You can monitor your Kafka deployment with Datadog to gain visibility into key metrics, logs, and traces. To implement ongoing monitoring, you will need a platform where you can collect and analyze your Kafka metrics, logs, and distributed request traces alongside monitoring data from the rest of your infrastructure. Datadog automatically collects many of the key metrics discussed in Part 1 of this series and makes them available in a template dashboard. You can install the Datadog Agent to collect metrics, logs, and traces from your Kafka deployment. Before you begin, you must verify that Kafka is configured to report metrics via JMX and check that ZooKeeper is sending JMX data to its designated port. The Datadog Agent collects metrics, logs, and distributed request traces from your hosts so that you can view and monitor them in Datadog. You will need to create Agent configuration files for both Kafka and ZooKeeper and modify the Agent's configuration file to set `logs_enabled: true` to collect logs from Kafka and ZooKeeper. Once the Agent begins reporting metrics from your deployment, you will see a comprehensive Kafka dashboard among your list of available dashboards in Datadog. You can easily create a more comprehensive dashboard to monitor your entire web stack by adding additional graphs and metrics from other systems. With Datadog, you can collect distributed traces to measure request volume and latency, set up alerts to be automatically notified of potential issues, and use Data Streams Monitoring to track and improve the performance of streaming data pipelines and event-driven applications that use Kafka.
Apr 06, 2016 1,613 words in the original blog post.

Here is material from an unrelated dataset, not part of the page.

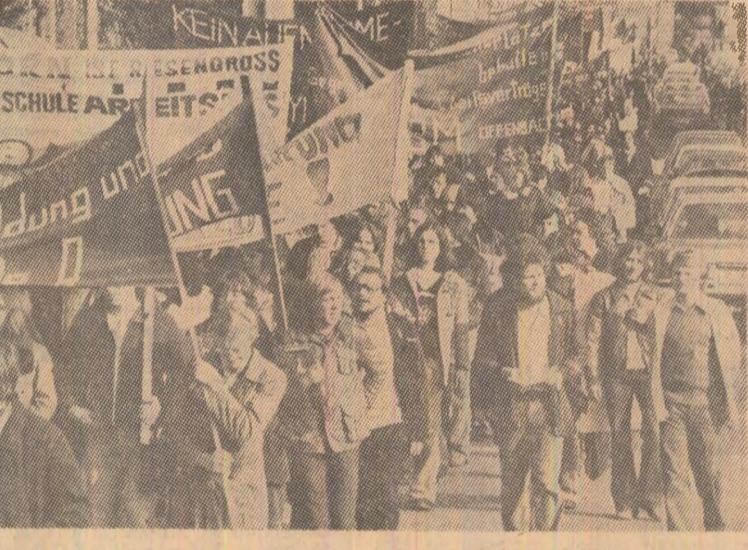
Demonstrație a tineretului vest-german sub lozincă: „Vrem ca școlile să nu mai fie uzine de șomeri“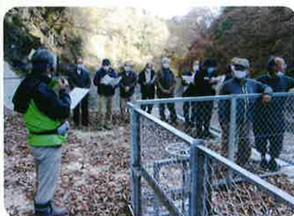
新しくなった深沢川頭首工

Metric tags are crucial for effective monitoring of large-scale and dynamic infrastructure, as they allow for flexible aggregation and observation of metrics across various levels, such as hardware profiles, software versions, and availability zones. In systems like Datadog, tags can be added to metrics on the fly, allowing for real-time updates and automatic metadata detection, which simplifies the process of identifying and responding to changes in infrastructure without needing to modify the data collection process. By using key:value tags, users can create new dimensions and attributes, which enables more detailed and customizable monitoring, making it easier to track performance issues at different abstraction levels. This tagging system eliminates the need for manual aggregation and complex naming conventions, providing a scalable solution suitable for the dynamic nature of modern cloud environments. Datadog also offers the ability to add custom tags programmatically, enhancing the flexibility and adaptability of its monitoring capabilities.
Apr 04, 2016 926 words in the original blog post.